Or the old fashioned “English Six”, an aggressive central defender who wins their duels and clears their lines.

The same term, two completely different players, with different strengths.

Two different "number sixes" in football: a deep-lying midfielder and an aggressive centre-back

Could Busquets win his headers on a cold, rainy night in Stoke?

Domain-specific terminology

Then there’s domain-specific terminology.

Different data providers have their own specialised approaches to answering the same fundamental question: what impact has an action had on the game?.

Hudl StatsBomb’s On-Ball Value (OBV) estimates how much each action changes a team’s chance of scoring. The event data I’m using comes from Impect, a German football data provider whose approach is built around packing—the number of opponents removed from the game by a pass or carry.

Neither of these terms are likely to appear prominently in Claude’s training data, and I have seen an LLM hallucinate and misinterpret these metrics.

Impect’s API provides KPI definitions, but there are over 1,200 of them—far too many to stuff into every prompt. You need a way to retrieve only the relevant ones:

from fastmcp import Context

@mcp.tool()
def get_user_profile(profile_alias: str, ctx: Context):
    """
    Get the profile and KPIs based on the user's preferences.
    The same alias (e.g., "six") returns different profiles per user.
    """
    user_id = ctx.request_context.session.user_id

    return read("""
      MATCH (u:User {id: $user_id})-[:HAS_PROFILE {alias: $alias}]->(pr:PlayerProfile)-[:PLAYS_POSITION]->(p:Position)
      RETURN u.username AS username,
         pr { .name, .description,
            position: p { .id, .name },
            kpis: [(pr)-[:MEASURES_KPI]->(k:KPI) | k { .name, .description }]
         } AS profile
    """, user_id=user_id, alias=profile_alias)

Two users can ask the same question and receive different answers based on their preferences stored in the graph.

graph TB
    pep((pep:User)) -->|HAS_PROFILE| DLP[SIX]
    DLP -->|PLAYS_POSITION| DM[DM]
    DLP -->|MEASURES_KPI| BP[BYPASSED_OPPONENTS]
    DLP -->|MEASURES_KPI| PP[PROGRESSIVE_PASSES]

    ollie((ollie:User)) -->|HAS_PROFILE| ADC[SIX]
    ADC -->|PLAYS_POSITION| CB[CB]
    ADC -->|MEASURES_KPI| AD[AERIAL_DUELS_WON]
    ADC -->|MEASURES_KPI| DW[CLEARANCES_PER_90]

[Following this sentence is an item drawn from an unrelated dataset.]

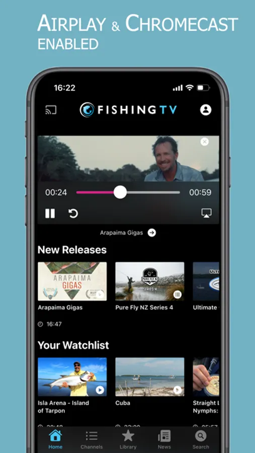 Fishing TV provides the best HD fishing entertainment from around the world and brings it directly to your iPhone or iPad. Our app contains over 1000 professionally produced TV programs, feature length films, short tips and more, covering every kind of fishing out there. Content is regularly updated and you can discover our latest releases through our email newsletters, in app notifications or simply by checking the app regularly.

By exposing a user’s preferences stored in the knowledge graph through an MCP server, Claude can call get_kpis_for_position("six") to get the metrics that actually matter—ball recoveries, pass completion under pressure, the non-negotiables for that role—without wading through 1,200 definitions about goalkeeping or set pieces.

Writing custom tools

Raw database access gets you surprisingly far, but it makes no sense to use a probabilistic prediction engine to continually perform the same task. At best you’re burning tokens; at worst you’re introducing inconsistency.

Once you are satisfied with the end result, you can analyse the sequence of tool calls made during the reasoning process, and turn it into a tool in its own right. This also fits well in a graph database.

I used FastMCP, a Python library that reduces the boilerplate required for building MCP servers:

from fastmcp import FastMCP

mcp = FastMCP("Football Analyst")

@mcp.tool()
def get_players_for_profile(profile: str, iteration_id: int = 1021):
    """
    Get the top players for a given profile within an iteration (season).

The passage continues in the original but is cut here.